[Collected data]
----

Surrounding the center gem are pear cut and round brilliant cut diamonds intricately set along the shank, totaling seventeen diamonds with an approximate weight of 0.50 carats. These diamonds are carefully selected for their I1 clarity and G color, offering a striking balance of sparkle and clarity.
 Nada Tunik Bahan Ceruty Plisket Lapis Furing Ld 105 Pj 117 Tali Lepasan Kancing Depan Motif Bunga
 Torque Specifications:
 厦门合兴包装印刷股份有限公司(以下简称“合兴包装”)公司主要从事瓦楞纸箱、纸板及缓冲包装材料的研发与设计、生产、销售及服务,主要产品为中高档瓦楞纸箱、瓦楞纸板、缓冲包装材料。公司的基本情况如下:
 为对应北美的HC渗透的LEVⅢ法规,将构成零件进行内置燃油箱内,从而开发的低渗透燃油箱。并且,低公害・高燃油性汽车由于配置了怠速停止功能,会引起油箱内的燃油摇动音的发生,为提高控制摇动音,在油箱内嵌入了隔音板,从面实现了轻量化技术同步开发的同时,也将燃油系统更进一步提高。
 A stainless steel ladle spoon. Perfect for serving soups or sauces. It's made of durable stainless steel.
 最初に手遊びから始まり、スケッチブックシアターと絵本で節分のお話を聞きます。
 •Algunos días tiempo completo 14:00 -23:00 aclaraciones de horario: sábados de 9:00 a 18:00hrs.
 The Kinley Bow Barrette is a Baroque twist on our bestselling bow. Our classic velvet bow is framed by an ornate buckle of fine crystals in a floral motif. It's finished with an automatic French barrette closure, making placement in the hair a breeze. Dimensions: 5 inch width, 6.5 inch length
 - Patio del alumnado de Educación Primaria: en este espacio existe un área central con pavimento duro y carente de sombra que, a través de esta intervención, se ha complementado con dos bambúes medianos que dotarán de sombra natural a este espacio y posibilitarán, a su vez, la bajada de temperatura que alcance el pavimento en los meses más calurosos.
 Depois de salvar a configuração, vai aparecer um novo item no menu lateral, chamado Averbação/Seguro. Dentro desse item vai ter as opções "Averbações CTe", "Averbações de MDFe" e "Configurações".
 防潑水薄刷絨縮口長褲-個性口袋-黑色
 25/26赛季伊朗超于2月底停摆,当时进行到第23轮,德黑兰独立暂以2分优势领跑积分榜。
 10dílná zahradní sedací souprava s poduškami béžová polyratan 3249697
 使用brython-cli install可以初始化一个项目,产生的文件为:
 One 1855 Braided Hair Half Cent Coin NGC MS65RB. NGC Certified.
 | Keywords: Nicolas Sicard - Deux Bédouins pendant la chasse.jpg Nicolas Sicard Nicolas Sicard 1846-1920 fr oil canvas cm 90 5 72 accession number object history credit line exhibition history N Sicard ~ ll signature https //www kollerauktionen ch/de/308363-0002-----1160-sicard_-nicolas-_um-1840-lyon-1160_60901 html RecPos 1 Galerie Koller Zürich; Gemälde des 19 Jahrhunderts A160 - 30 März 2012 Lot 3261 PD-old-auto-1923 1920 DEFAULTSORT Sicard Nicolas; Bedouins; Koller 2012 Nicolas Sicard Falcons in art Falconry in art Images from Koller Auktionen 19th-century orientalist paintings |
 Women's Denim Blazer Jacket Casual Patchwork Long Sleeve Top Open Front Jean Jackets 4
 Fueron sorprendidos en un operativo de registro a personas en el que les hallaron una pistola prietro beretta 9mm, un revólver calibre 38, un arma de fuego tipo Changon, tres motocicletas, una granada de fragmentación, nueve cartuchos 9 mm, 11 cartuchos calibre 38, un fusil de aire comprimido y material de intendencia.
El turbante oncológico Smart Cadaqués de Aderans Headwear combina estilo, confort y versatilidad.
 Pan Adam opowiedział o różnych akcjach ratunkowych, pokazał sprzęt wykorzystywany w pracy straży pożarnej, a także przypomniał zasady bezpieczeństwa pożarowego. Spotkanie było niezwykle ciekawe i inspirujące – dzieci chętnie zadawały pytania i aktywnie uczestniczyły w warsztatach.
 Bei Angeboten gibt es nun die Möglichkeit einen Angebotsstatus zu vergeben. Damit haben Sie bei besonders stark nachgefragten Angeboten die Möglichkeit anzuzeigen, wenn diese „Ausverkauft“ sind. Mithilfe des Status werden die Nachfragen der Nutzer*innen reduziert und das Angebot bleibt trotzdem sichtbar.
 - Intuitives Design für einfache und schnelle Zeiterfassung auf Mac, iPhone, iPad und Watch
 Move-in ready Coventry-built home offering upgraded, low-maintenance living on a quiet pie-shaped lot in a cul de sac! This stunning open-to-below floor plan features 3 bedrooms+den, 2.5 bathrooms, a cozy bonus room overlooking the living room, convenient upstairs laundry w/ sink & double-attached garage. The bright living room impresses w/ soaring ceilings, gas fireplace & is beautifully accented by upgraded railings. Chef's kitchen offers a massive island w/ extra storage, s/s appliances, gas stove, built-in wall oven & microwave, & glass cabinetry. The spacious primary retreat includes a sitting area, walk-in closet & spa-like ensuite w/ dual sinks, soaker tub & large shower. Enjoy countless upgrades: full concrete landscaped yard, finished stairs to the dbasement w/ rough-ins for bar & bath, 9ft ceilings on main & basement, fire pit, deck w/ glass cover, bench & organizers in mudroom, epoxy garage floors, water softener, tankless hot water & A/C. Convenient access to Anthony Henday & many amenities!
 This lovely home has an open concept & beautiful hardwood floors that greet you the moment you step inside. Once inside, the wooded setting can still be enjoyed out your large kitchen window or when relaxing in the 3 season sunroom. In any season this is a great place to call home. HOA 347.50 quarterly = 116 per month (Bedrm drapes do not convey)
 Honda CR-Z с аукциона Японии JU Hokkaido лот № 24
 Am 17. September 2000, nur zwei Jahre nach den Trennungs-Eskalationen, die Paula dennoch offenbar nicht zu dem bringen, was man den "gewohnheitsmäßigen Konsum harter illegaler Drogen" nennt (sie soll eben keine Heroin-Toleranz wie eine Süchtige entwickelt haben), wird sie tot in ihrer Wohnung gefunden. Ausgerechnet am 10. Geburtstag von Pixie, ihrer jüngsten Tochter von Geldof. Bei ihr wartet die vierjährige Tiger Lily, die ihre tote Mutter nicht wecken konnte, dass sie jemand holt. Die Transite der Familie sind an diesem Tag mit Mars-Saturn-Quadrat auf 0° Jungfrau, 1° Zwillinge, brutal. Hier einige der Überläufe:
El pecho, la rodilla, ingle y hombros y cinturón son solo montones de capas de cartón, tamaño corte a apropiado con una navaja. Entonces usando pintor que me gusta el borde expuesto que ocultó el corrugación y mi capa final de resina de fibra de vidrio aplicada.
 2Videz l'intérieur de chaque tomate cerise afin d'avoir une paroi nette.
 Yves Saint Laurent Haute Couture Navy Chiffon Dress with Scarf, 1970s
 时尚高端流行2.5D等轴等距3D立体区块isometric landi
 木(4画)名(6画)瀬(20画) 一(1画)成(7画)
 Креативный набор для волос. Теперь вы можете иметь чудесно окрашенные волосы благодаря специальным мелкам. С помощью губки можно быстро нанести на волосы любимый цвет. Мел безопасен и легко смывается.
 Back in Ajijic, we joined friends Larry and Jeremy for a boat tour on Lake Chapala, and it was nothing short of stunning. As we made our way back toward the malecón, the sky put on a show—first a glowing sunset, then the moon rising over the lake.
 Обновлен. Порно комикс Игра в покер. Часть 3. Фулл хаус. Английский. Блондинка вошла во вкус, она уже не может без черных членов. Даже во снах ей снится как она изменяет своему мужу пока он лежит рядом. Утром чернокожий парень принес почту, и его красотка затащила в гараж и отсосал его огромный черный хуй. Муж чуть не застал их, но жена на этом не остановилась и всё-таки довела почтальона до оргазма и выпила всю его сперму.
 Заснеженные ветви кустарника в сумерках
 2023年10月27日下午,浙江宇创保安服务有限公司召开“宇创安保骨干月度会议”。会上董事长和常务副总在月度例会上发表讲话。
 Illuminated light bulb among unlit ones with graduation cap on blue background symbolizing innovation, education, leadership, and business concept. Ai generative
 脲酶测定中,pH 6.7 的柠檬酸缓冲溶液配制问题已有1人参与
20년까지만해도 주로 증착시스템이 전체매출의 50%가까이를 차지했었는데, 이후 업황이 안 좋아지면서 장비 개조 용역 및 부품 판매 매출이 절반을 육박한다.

----

• WORK INSTRUCTION:
Lines from the one with "Заснеженные ветви кустарника в сумерках" through the last line above must be printed exactly; no other line is to appear.

• EXERCISE OUTPUT:
 Заснеженные ветви кустарника в сумерках
 2023年10月27日下午,浙江宇创保安服务有限公司召开“宇创安保骨干月度会议”。会上董事长和常务副总在月度例会上发表讲话。
 Illuminated light bulb among unlit ones with graduation cap on blue background symbolizing innovation, education, leadership, and business concept. Ai generative
 脲酶测定中,pH 6.7 的柠檬酸缓冲溶液配制问题已有1人参与
20년까지만해도 주로 증착시스템이 전체매출의 50%가까이를 차지했었는데, 이후 업황이 안 좋아지면서 장비 개조 용역 및 부품 판매 매출이 절반을 육박한다.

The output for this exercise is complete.